Optical coherence tomography (OCT) is a light-based imaging modality that can provide in vivo high-resolution images of coronary stents, with detailed information about struts apposition and tissue coverage [1]. Pathological studies have suggested that the absence of stent strut coverage due to delayed vascular healing and the persistence of fibrin may be the most important determinants of late stent thrombosis, together with lesion and procedure-related settings [2, 3]. For this reason, coverage at strut-level analysis by OCT is the most common surrogate endpoint in OCT studies, providing a measurable variable for the comparison between different stents and being also an important parameter for the approval of new drug eluting stents by regulatory agencies [4].

The inter- and intra-observer reproducibility for strut count, strut apposition and quantitative strut tissue coverage measurement (e.g. neointima thickness) has been shown to be good [5, 6]. However, strut coverage evaluation is not standardized. The most commonly used approach is the visual qualitative assessment, evaluating strut coverage as a binary variable (covered or not covered).
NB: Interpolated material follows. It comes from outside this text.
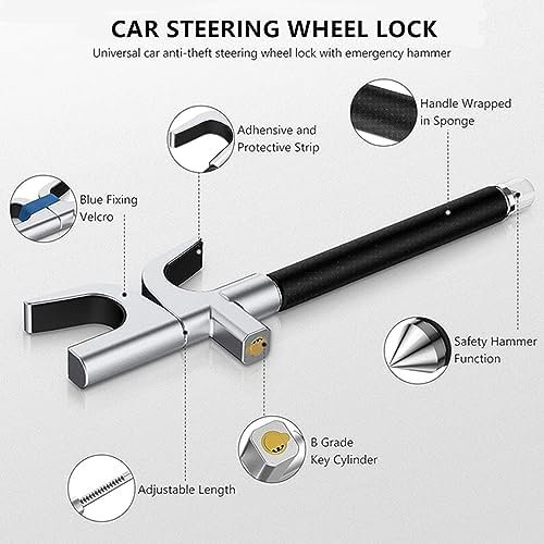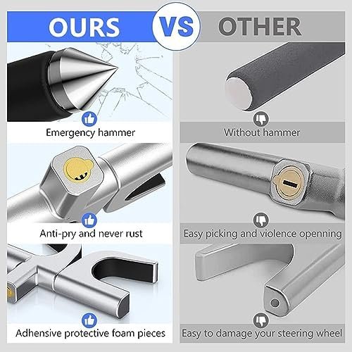 【🔐Our New Upgraded Lock, Better Than Other Competitors!】 –We provide [2 Protective Pads] to you, Others’ NO! Must cause damage or pressure to your steering wheel! We provide [Hammer Cap] to you, Others’ NO! You can’t break the car window or save yourself when emergency happens! We provide [Blue Magic Velcro] to you, Others’ NO! The Lock can’t stored or fixed rightly and scratch to your car! Give us a chance to protect your car!

Moreover, independently from the methodology used, the zoom setting used for magnifying the OCT images may influence the assessment and thereby the reproducibility of strut coverage assessment.

The objective of the present study was to revise this qualitative approach for the assessment of strut coverage by measuring the inter- and intra-observer agreement and evaluating the influence of various zoom settings.

Methods

Study population

From our OCT database all patients, who received an OCT pullback at 6 months after stent implantation, were selected. After an initial quality check, an independent analyst (not involved in the assessment of coverage) randomly selected 10 frames from the OCT pullbacks identifying 126 struts, according to the following definitions:

  • Highly reflective surface with cast dorsal and radial shadows;

  • Highly reflective surface without dorsal shadowing.
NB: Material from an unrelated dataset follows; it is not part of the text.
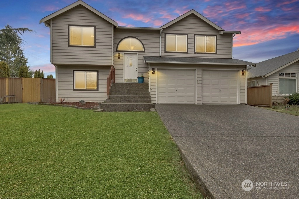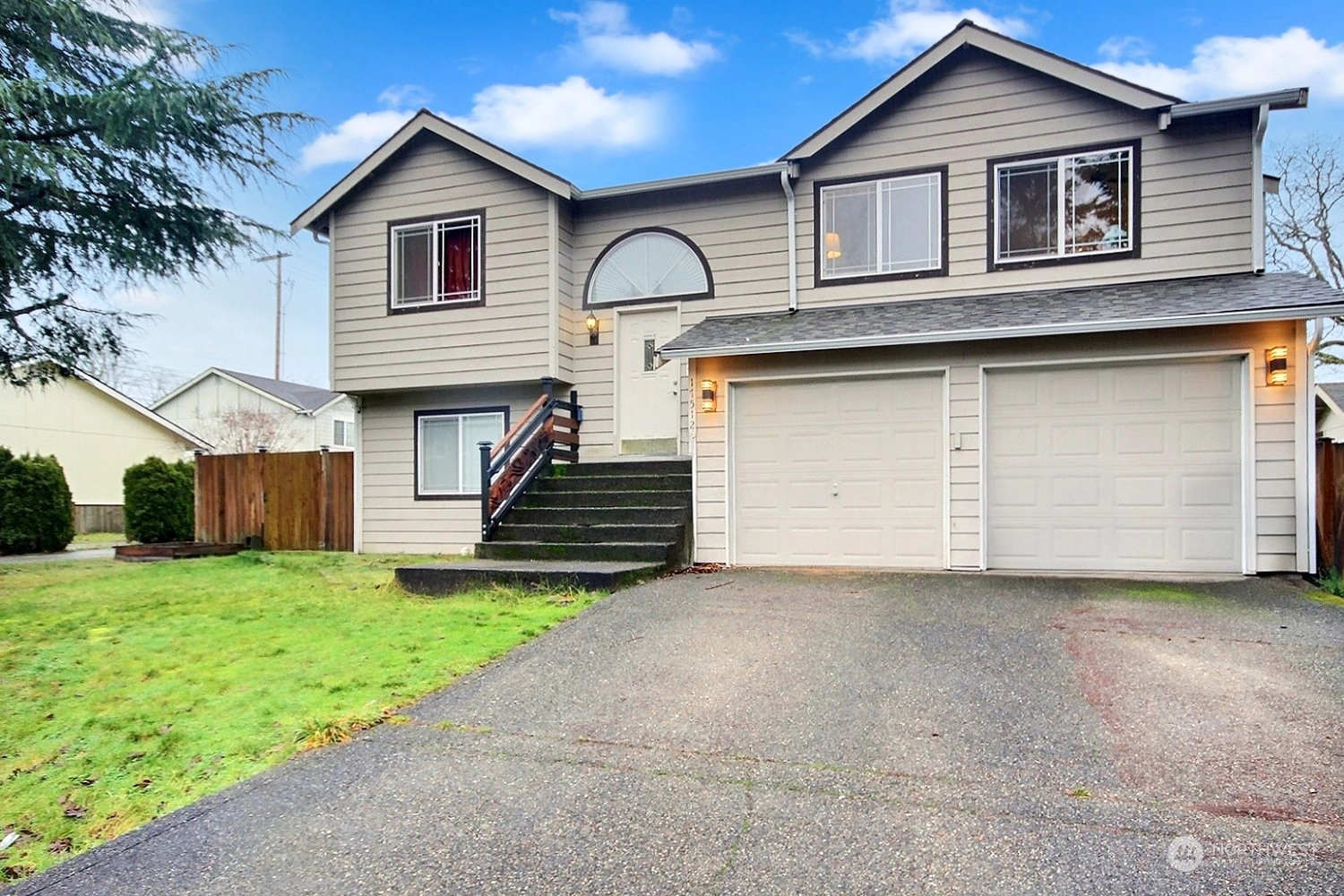 This 4-bedroom, 2.75-bath split-entry Spanaway home offers an ideal blend of comfort and convenience. The open-plan kitchen, dining, and living room flow seamlessly, with a deck off the kitchen for outdoor enjoyment. Upstairs features the primary with en suite bath along with two additional bedrooms and another full bath. Downstairs offers a bedroom, full bath, laundry, spacious family and bonus rooms—ideal for guests and/or a home office. The large backyard features a large patio, storage shed and is fully fenced. Two-car attached garage with shop space. Located near schools, shopping, and JBLM. Must see this fantastic sweat equity opportunity!

The stent implanted was Resolute Endeavor in all the frames analyzed. Struts were termed “covered” by OCT if tissue could be identified above the struts, as previously defined [7].

OCT acquisition

The OCT acquisition was performed using a commercially available system for intracoronary imaging (C7XR Fourier-Domain System; LightLab Imaging, Westford, Massachusetts). Pullback was performed during continuous injection of contrast medium (3 mL/s, Iodixanol 370, Visipaque, GE Health Care, Cork, Ireland) through the guide catheter with an injection pump. The automated pullback rate was 20 mm/s and the frame rate was 100 images/s.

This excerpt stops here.